In a memorandum issued on Aug. 21, Secretary of Agriculture Brooke Rollins announced a new policy prioritizing land use efficiency when evaluating proposals for power generation projects on National Forest System lands.
The memorandum represents the USDA’s “commitment to strengthening American energy production and reducing reliance on foreign energy sources, like foreign adversary-manufactured solar panels, while protecting our lands for future generations,” according to a press release from the agency.
As part of the memorandum, the U.S. Forest Service will develop new screening guidelines that measure and prioritize the amount of energy produced per acre of land “while ensuring projects are consistent with environmental stewardship, multiple-use principles, and economic benefits for rural communities,” the press release said.
“America has the resources and ingenuity to power our future without depending on foreign adversaries,” Rollins said in the press release.
“We will no longer allow foreign-made solar panels or inefficient energy projects to undermine our national security. We are prioritizing reliable power sources, reducing costs, and preserving more land for recreation, timber, and wildlife for future generations.”
The USDA manages around 193 million acres of national forests and grasslands in 43 states.
“Policies that discouraged the use of these lands for power generation in the past increased reliance on intermittent energy sources and limited U.S. energy independence,” the press release stated.
Focusing on land use efficiency will ensure that proposed energy projects maximize output per acre, reduce environmental impacts, and allow more National Forest System lands to remain available for multiple uses, according to the USDA.
Wind, solar, natural gas, and other energy types require varying amounts of land and have different environmental impacts, the press release noted. This is why efficiency-based screening is important for “balancing economic development with environmental stewardship.”
The memorandum followed an Aug. 18 X post from Rollins announcing that the USDA has halted programs that fund solar or wind power projects on productive farmland.
“Millions of acres of prime farmland is left unusable so Green New Deal subsidized solar panels can be built. This destruction of our farms and prime soil is taking away the futures of the next generation of farmers and the future of our country,” Rollins said.

The Biden administration promoted nationwide wind and solar deployment. The Trump administration has mostly reversed that agenda.
In a Sept. 12, 2024, post, the USDA stated, “From 2012 to 2020, more than 90 percent of large-scale, commercial wind turbines and 70 percent of solar farms in rural areas were installed on agricultural land.”

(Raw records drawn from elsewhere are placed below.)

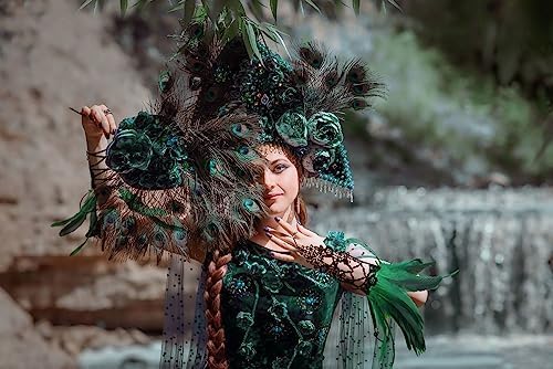 Gothic Black Lace Feather Fingerless Gloves with Long Sleeves Wrist Cuffs Women's Costume Accessory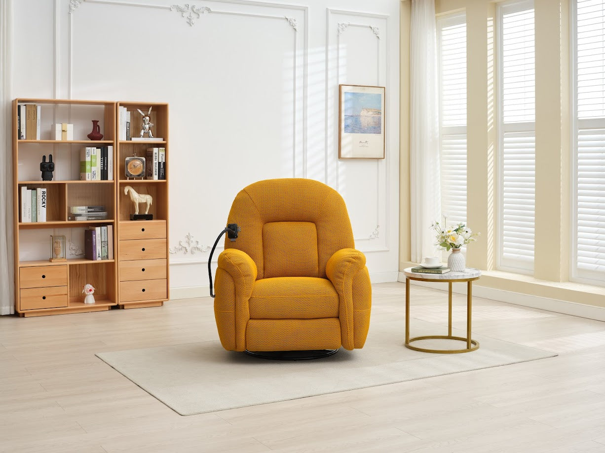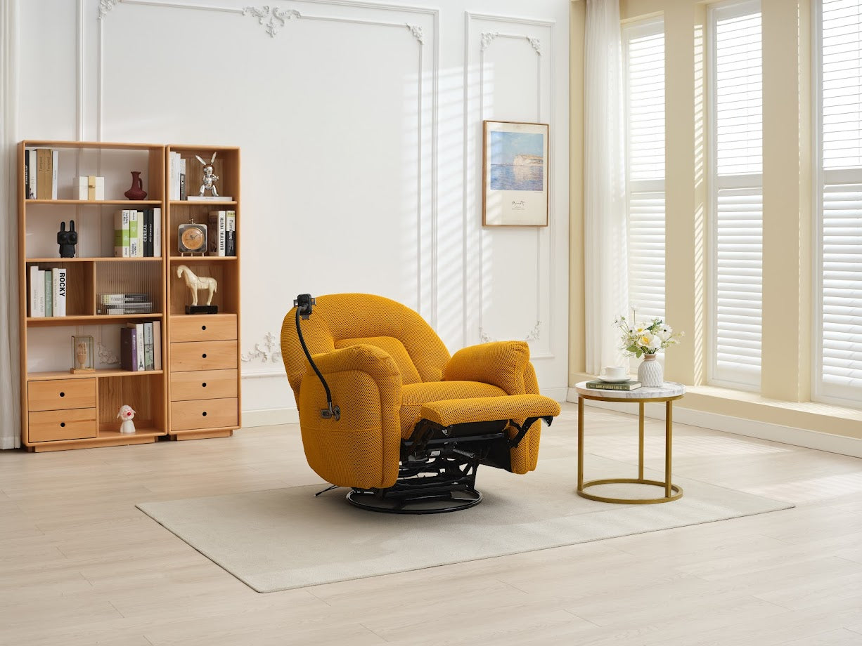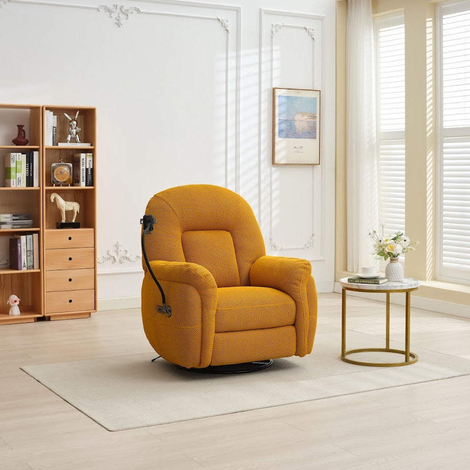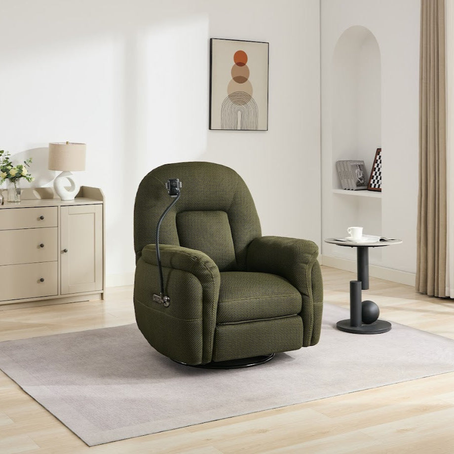 The Sienna Electric Recliner Armchair with built phone holder designed in modern style for phone lovers. Upholstered in soft perforated fabric with super soft cushioning and armrests this armchair will sink you into relaxation and let the world melt away. Reclining armchair with button function blending classic and modern design with luxurious comfort. Featured USB-C ports on the power panel will you’re your devices charged during you’re watching your favourite videos. With adjustable phone holder you needn’t to hold your phone in your hands anymore. Perfect for any living space, combining timeless elegance with the convenience of adjustable reclining positions. Shop armchairs online at Foys and elevate your downtime while complementing a wide range of interiors with timeless charm. Available in mustard, green and grey colors.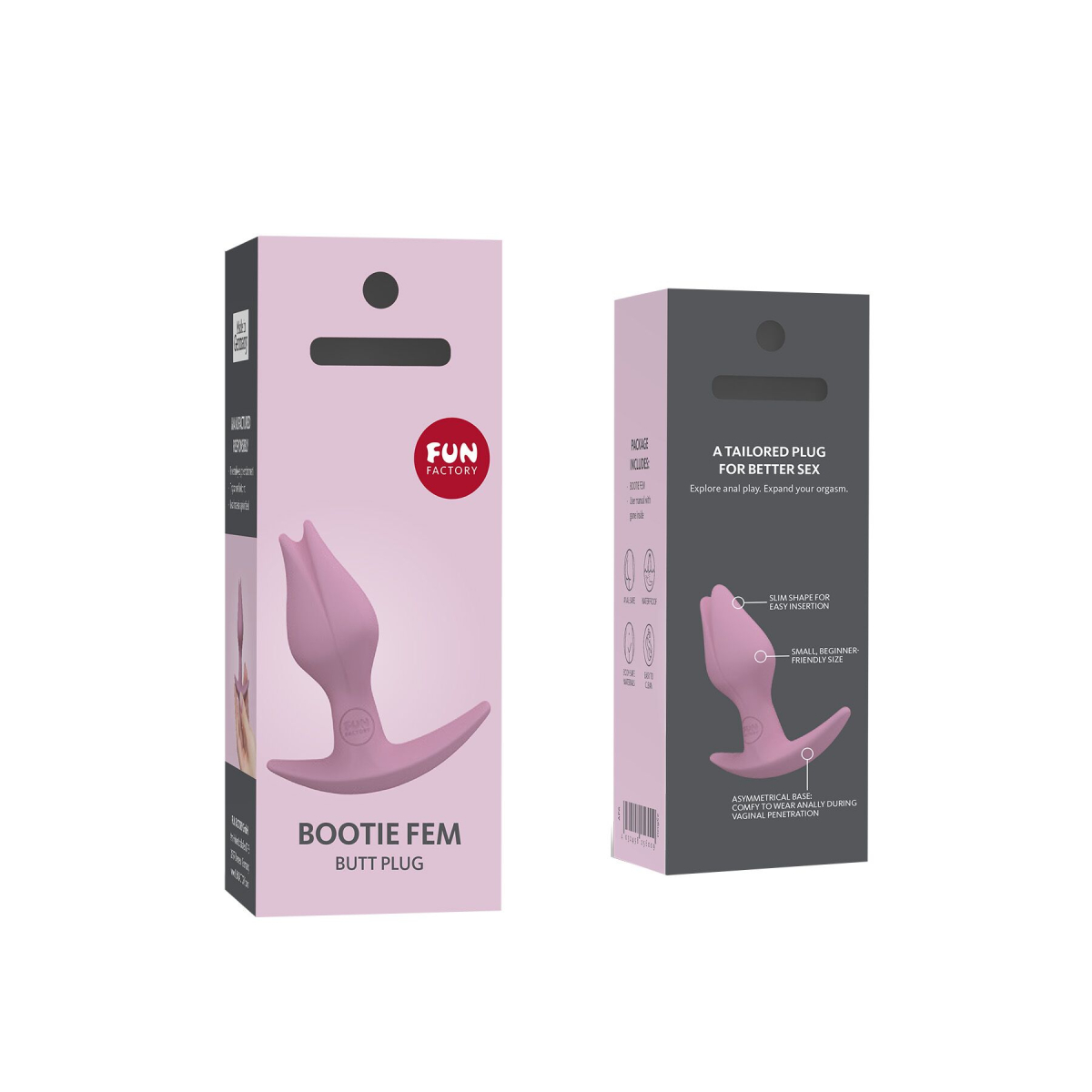 Анальна пробка Fun Factory BOOTIE FEM зручна для тих, хто тільки відкриває для себе світ задоволень від анальної стимуляції. Цікава форма у вигляді напіврозкритого бутона точково стимулює безліч нервових закінчень усередині ануса та навколо нього, даруючи яскраві інтенсивні відчуття. Вузький роздвоєний кінчик, що імітує пелюстки, дає змогу м’яко ввести пробку в анус.

These projects occupied 424,000 acres of farmland as of 2020, amounting to 0.05 percent of the total 897 million acres of farmland, according to the 2024 USDA statement.
The Inflation Reduction Act, passed by the Biden administration in 2022, provided the USDA’s Rural Energy for America Program more than $2 billion to support agricultural producers and rural small business owners through renewable energy grants.
Rollins noted in her Aug. 18 post that stopping renewable projects on U.S. farmland ends “the use of panels made by foreign adversaries like China.”
China controls the supply chain of critical materials necessary for solar and wind power technologies.
Rollins’s Aug. 21 announcement, and her Aug. 18 post, follow a July 7 executive order signed by President Donald Trump that sought to end market-distorting subsidies for “unreliable, foreign-controlled energy sources.”
Interior Secretary Doug Burgum signed an order seeking to rein in wind and solar power projects and ensure that federal lands are used optimally for energy projects on Aug. 1.
Naveen Athrappully contributed to this report.